Thursday, February 23, 2006

 

Vocalists Can Learn Guitar Easily - Article

Vocalists need accompaniment – it’s a fact. Acapella is fine – to a point. Accompanists are great too – when you have one handy. For those times when a chord or note is needed, there’s no handier instrument than guitar. After all, you can’t sling a piano over your shoulder on a strap. Guitar accompaniment for a singer need not be a daunting task, either. Too many have given up the prospect of self accompaniment on guitar because the start-up phase – the critical one which builds self-confidence – was too difficult. In sets frustration, due to slow progress, and ultimately, defeat. The shiny new guitar sits on the stand or lies in the case, untouched.

Those who find success are those who may be more technically dexterous or adept. Those initial hand and finger positions are crucial to success on guitar. For singers more challenged in this area, or for those looking to expand their horizons, there is an alternative –as in, alternative tunings for that under-utilized guitar.
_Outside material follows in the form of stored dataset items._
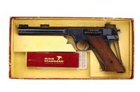 *WHITNEY WOLVERINE 22LR SEMI AUTO PISTOL. SN 34866. Blued finish w/4-1/2″ bbl and checkered brown plastic grips. Comes with one 10-rnd magazine. Produced from 1955 to 1962, it has a unique futuristic appearance. CONDITION: Very fine. Retains approx 90% orig blued finish. Bulk of wear at muzzle and along backstrap. 4-59629 CSW14 (200-300)
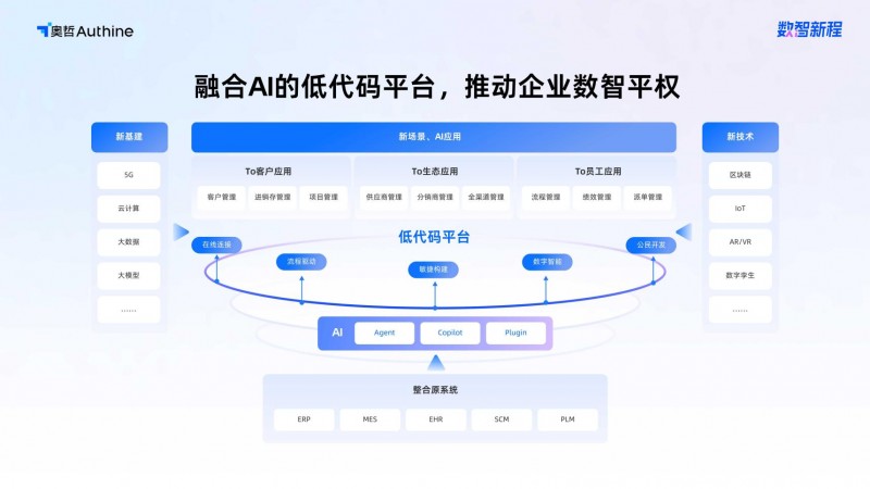 徐平俊表示:“低代码的底层逻辑是提升企业的应用开发效率、促进人人开发。以DeepSeek为代表的AI大模型正在加深这个逻辑,可以通过Agent、Copilot、插件等AI能力,跑在云平台上,快速整合历史系统与技术,实现各类AI场景,帮助企业组织智慧化转型。可以说,融合AI的低代码平台正在推动企业数智平权,从原先的企业数字化引擎升级为数智化引擎。”
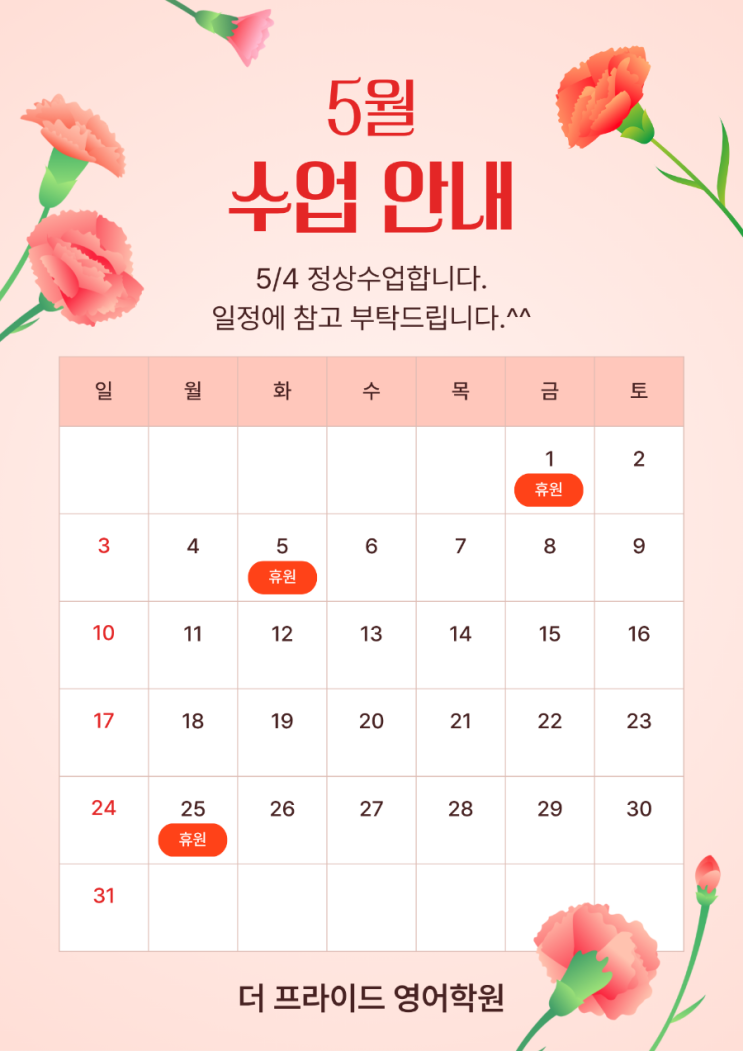 화명동 초등 중등 고등 영어학원 더 프라이드 5월 휴원일 안내
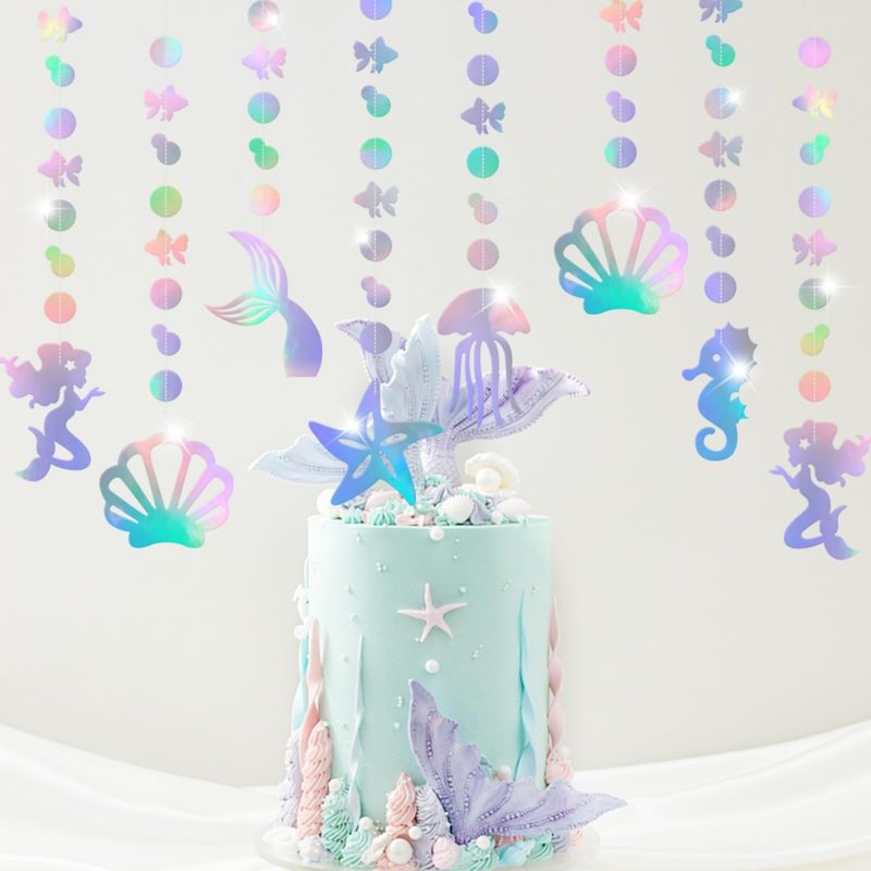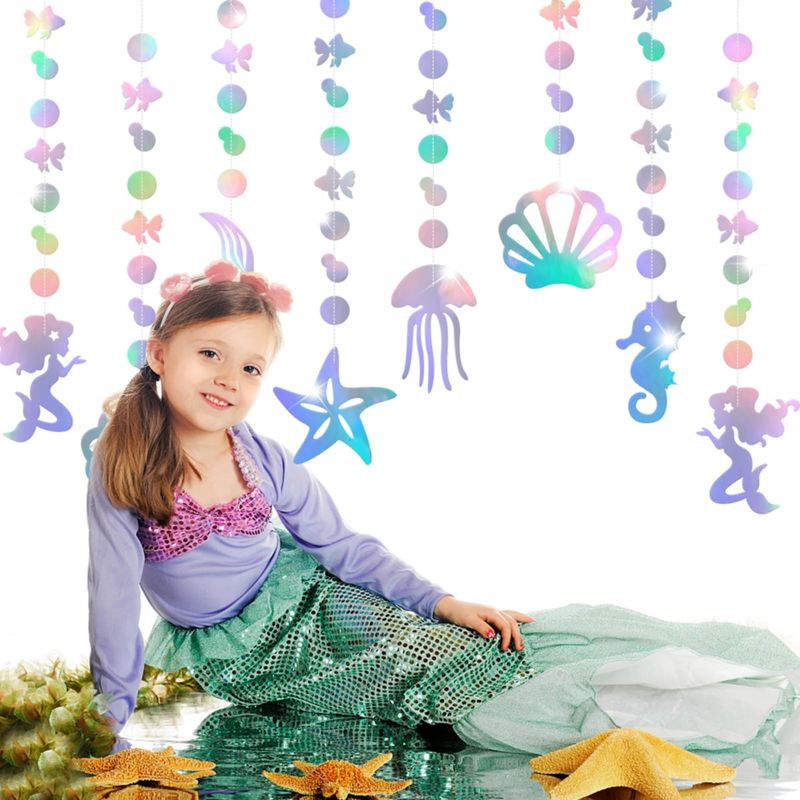 1.Our mermaid party decorations are colourful with mermaid shell starfish jellyfish seahorse.
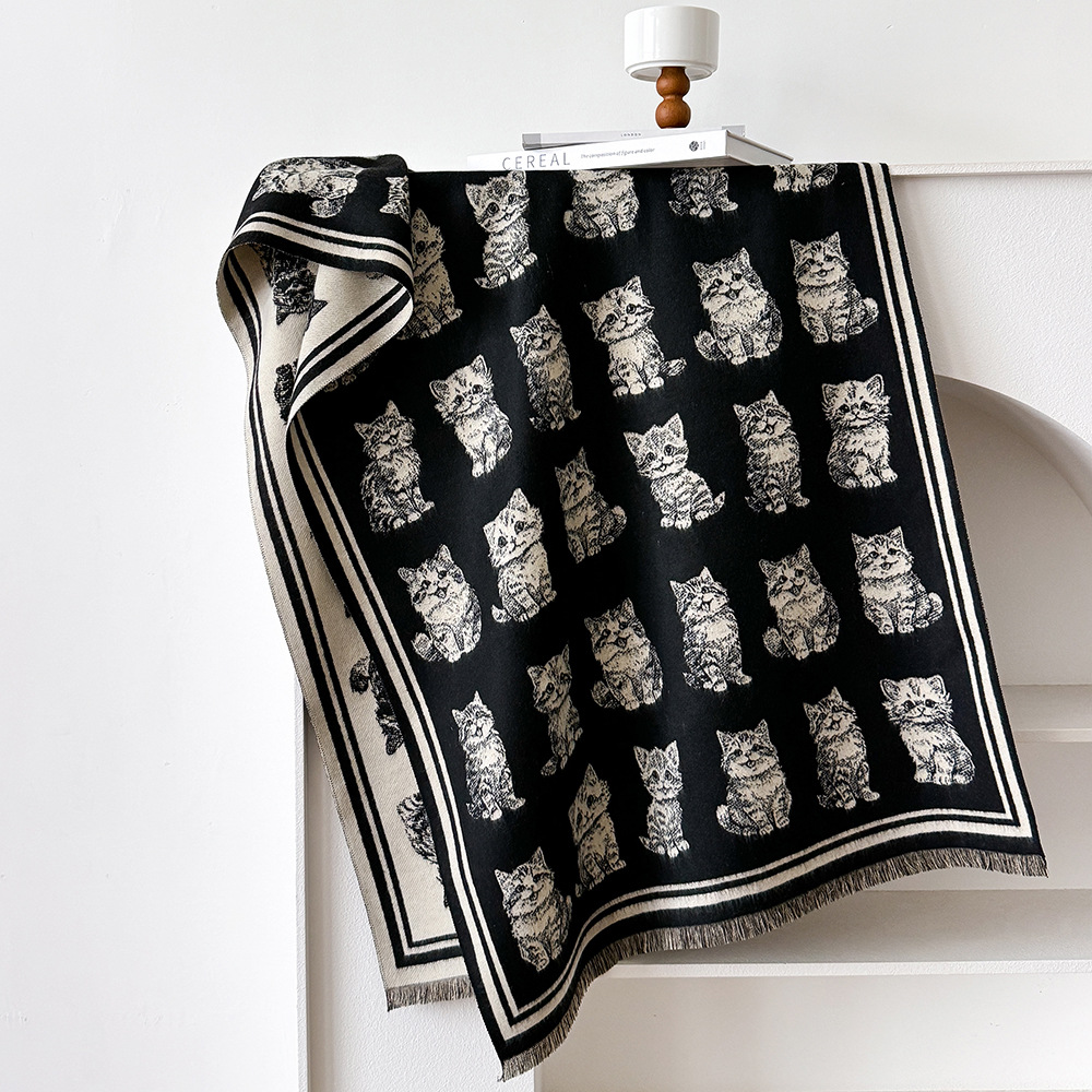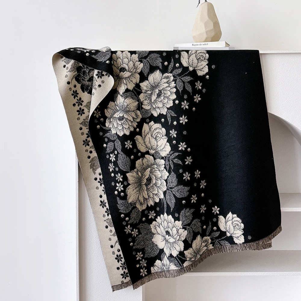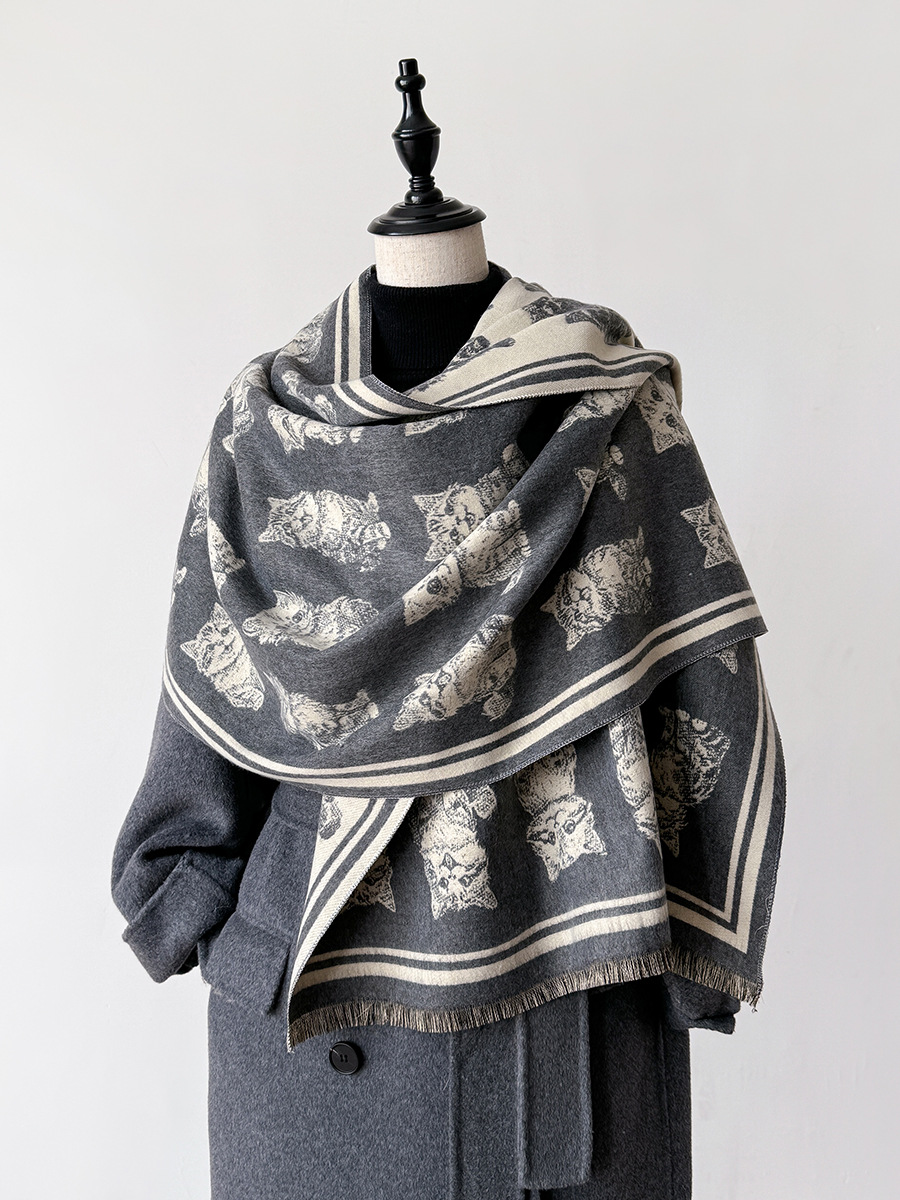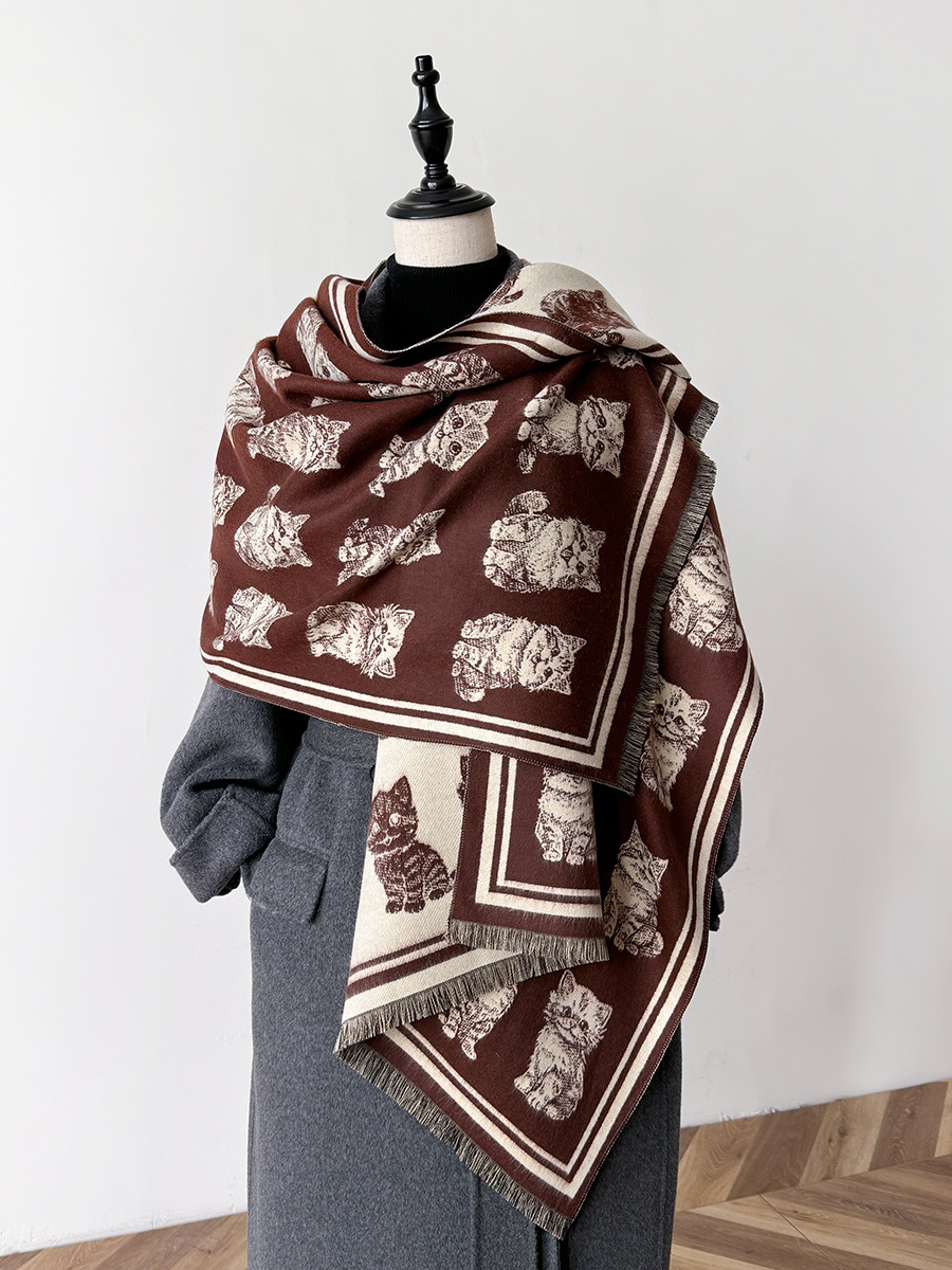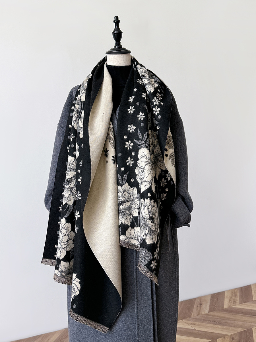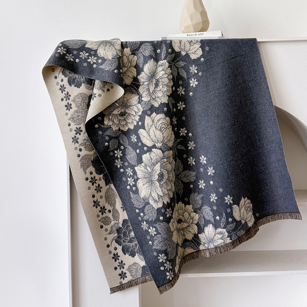 고급 나비 인쇄 캐시미어 스카프 따뜻한 패션 대비 색상 외부 목도리 겨울 따뜻한 목 여성

Long before I learned to warble, I yearned to play guitar, with little success. Strumming wasn’t the problem. Fingering was. There were too many to remember. Too many to master. Guitar seemed out of reach. To my surprise, I discovered, with a little research, that guitars could be tuned different ways. I made the connection that perhaps it was the tuning of the guitar that was holding me back. A simpler tuning may just provide the breakthrough for an aspiring guitarist.

After much experimentation, I found one tuning to be most useful. Open-D is a simple alteration of standard guitar tuning:

Standard guitar tuning (low to high strings) - E A D G B E

Open D guitar tuning (low to high strings) - D A D F# A D

Notice that two of the strings on your guitar stay the same (A and D). That’s your starting point for the switch. The rest become a matter of adjusting the other four strings lower, to become a D major chord. From there, let the strumming begin.

Notice that now the four highest strings represent at D-major triad (with an octave for a nice complete arpeggio). That chord can be transposed up the neck of your guitar with a single finger (index finger recommended but some people feel their middle finger is stronger). This is the backbone of open-D guitar playing. It’s also the major simplification. There are now, for major chords, no fingerings to memorize, no technique to learn, no acclimatizing fingers to various curves and stretches. Your training, at the outset, is getting one finger to press straight against as many or few guitar strings as is comfortable. It doesn’t get any easier than that, anywhere in the guitar world.

Now the versatility of open-D guitar tuning should start to become apparent. Changes to that basic major chord are just another finger away, on any string. You can create new chords through sheer experimentation, although I have written a fairly comprehensive Chord Book which goes along with my method book Guitar-eze – A Simpler Way to Approach to Playing the Guitar. Chords can be built off that one-finger starting point, limited only by your imagination. With the repeating strings (in open-D, you have three Ds and two As to work with) many different chord textures and sounds can be created with just a simple string shift of one finger. The big bonus is that you can see the changes you’re creating. Knowing that each fret on your guitar represents a semi-tone, you’ll now “see” how the shift of one finger on a particular fret creates that new chord . Augment, suspend, major sixth, etc., to your heart’s delight.

For composing, I find that open-D tuned guitar is even more useful than a piano (and a little more portable, for those sunny days out in a meadow or down by the seaside). Truly a versatile way to play guitar, and far simpler, especially at the outset. For vocalists, it might just be the guitar breakthrough they’ve been dreaming of. Get that guitar out the case, re-tune it to open-D and get strummin’.